[Extracted records]
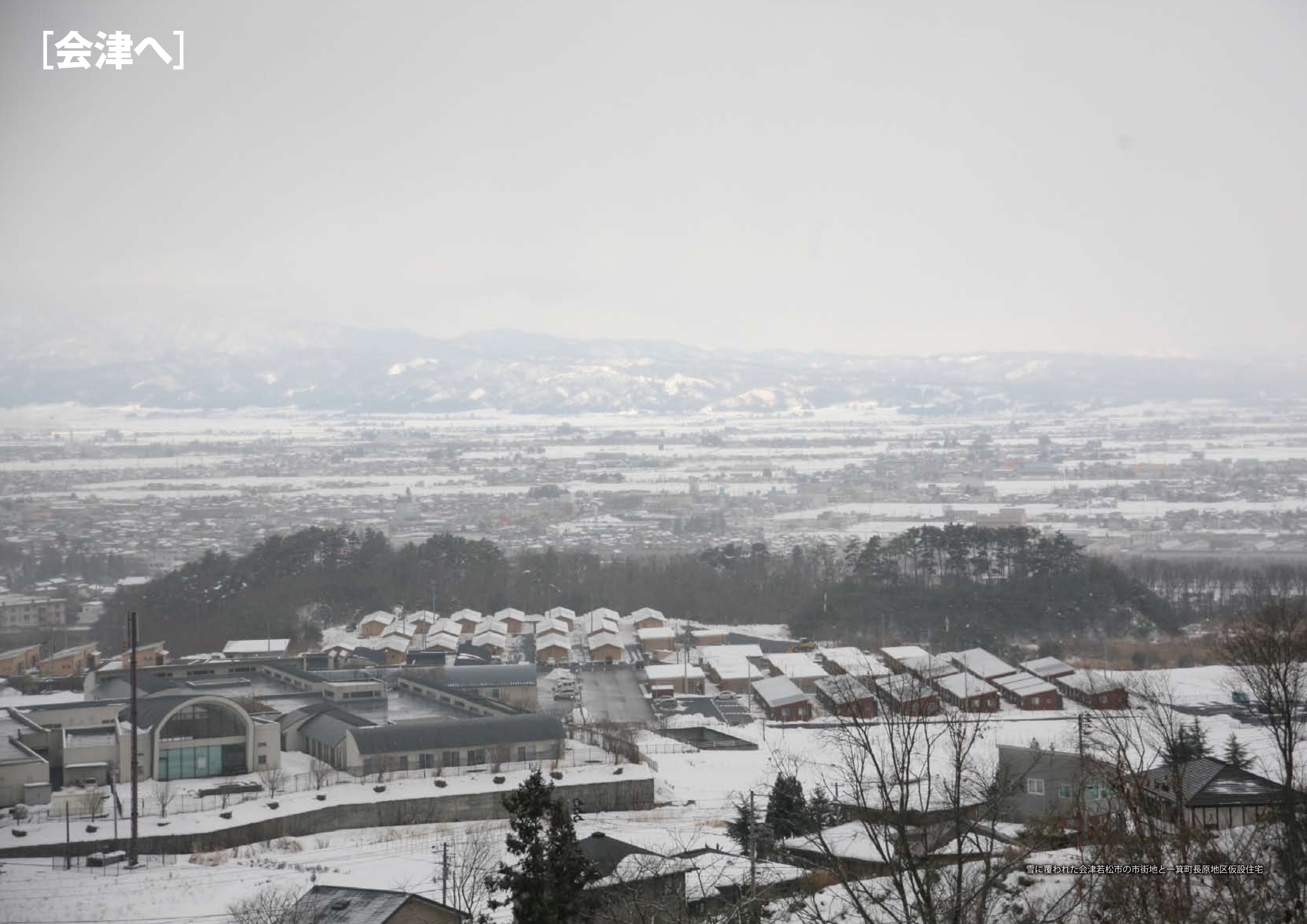
雪に覆われた会津若松市の市街地と一箕町長原地区仮設住宅
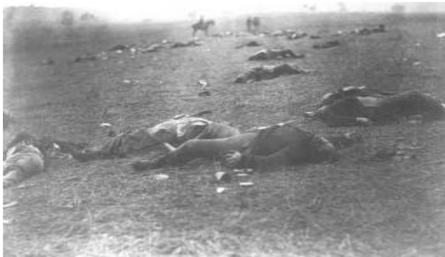
“Cosecha de muerte”. Guerra de Secesión, USA, 1863. Timothy O’ Sullivan

Se busca aprender a tratar y resolver los conflictos, a través de su visibilización mediante mecanismos
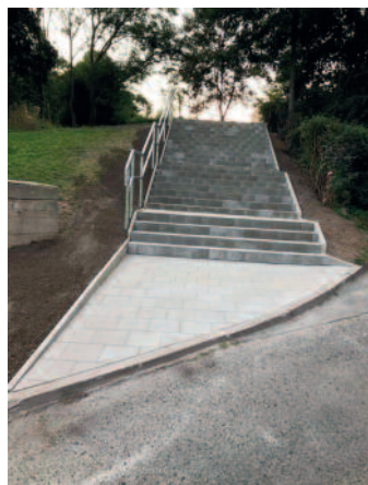
Nové schodiště a zábradlí z Neštěmic na Výšinu
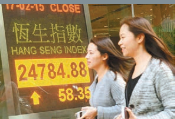
■港股昨升58點，馬年「收爐」前夕，買賣兩開，大市成交僅469億元。

香港文匯報訊（記者 周紹基）港股昨日是馬年「收爐」前最後一個全天的交易日，雖然今日「大除夕」還有半日市，但投資者已提早休戰，大市昨成交僅469億元，買賣兩開，是8個月以來的最低水平。恒指未受希臘債務問題談判破裂所影響，收報24,785點，升58
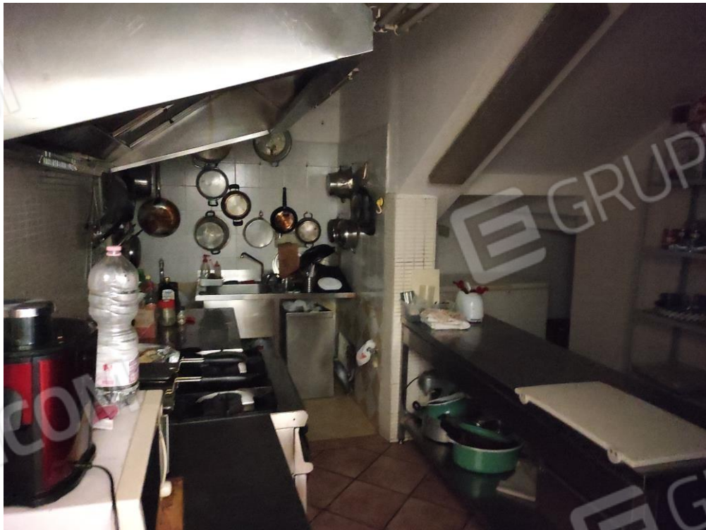
Vista parziale interna della zona preparazione alimenti della cucina.
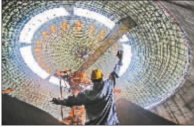
银奖 《钢铁臂膀》
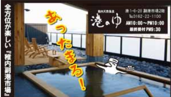
全方位が楽しい「稚内副港市場」

[Required work]
With the pictures excluded, transcribe word for word only the lines from the one containing "香港文匯報訊（記者 周紹基）" through the last line of the records.

[Exercise solution]
香港文匯報訊（記者 周紹基）港股昨日是馬年「收爐」前最後一個全天的交易日，雖然今日「大除夕」還有半日市，但投資者已提早休戰，大市昨成交僅469億元，買賣兩開，是8個月以來的最低水平。恒指未受希臘債務問題談判破裂所影響，收報24,785點，升58
Vista parziale interna della zona preparazione alimenti della cucina.
银奖 《钢铁臂膀》
全方位が楽しい「稚内副港市場」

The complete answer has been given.